# Supplied entries
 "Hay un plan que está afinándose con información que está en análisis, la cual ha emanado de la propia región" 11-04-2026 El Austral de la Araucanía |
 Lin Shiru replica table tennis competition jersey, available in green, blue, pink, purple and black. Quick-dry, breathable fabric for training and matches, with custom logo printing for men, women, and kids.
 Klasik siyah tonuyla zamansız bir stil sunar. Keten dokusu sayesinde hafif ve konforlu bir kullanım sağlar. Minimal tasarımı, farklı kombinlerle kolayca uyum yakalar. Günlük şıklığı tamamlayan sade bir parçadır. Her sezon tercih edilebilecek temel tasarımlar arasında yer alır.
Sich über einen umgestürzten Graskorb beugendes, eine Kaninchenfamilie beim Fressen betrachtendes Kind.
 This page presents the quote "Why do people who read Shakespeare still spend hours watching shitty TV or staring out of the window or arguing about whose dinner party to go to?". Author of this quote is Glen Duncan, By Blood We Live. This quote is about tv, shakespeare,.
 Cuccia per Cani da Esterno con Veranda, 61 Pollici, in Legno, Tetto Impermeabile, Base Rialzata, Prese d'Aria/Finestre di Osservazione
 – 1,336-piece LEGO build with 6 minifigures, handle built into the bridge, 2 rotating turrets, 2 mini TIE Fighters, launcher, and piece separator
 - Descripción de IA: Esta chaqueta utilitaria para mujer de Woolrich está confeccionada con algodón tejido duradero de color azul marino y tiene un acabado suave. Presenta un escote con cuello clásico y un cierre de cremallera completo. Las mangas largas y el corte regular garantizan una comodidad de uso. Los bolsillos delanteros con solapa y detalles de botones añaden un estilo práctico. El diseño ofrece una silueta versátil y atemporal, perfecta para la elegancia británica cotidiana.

# Task goal
Transcribe the lines from the first line of the records through the line that contains "Lin Shiru replica", both included, and add nothing else.

# Result
 "Hay un plan que está afinándose con información que está en análisis, la cual ha emanado de la propia región" 11-04-2026 El Austral de la Araucanía |
 Lin Shiru replica table tennis competition jersey, available in green, blue, pink, purple and black. Quick-dry, breathable fabric for training and matches, with custom logo printing for men, women, and kids.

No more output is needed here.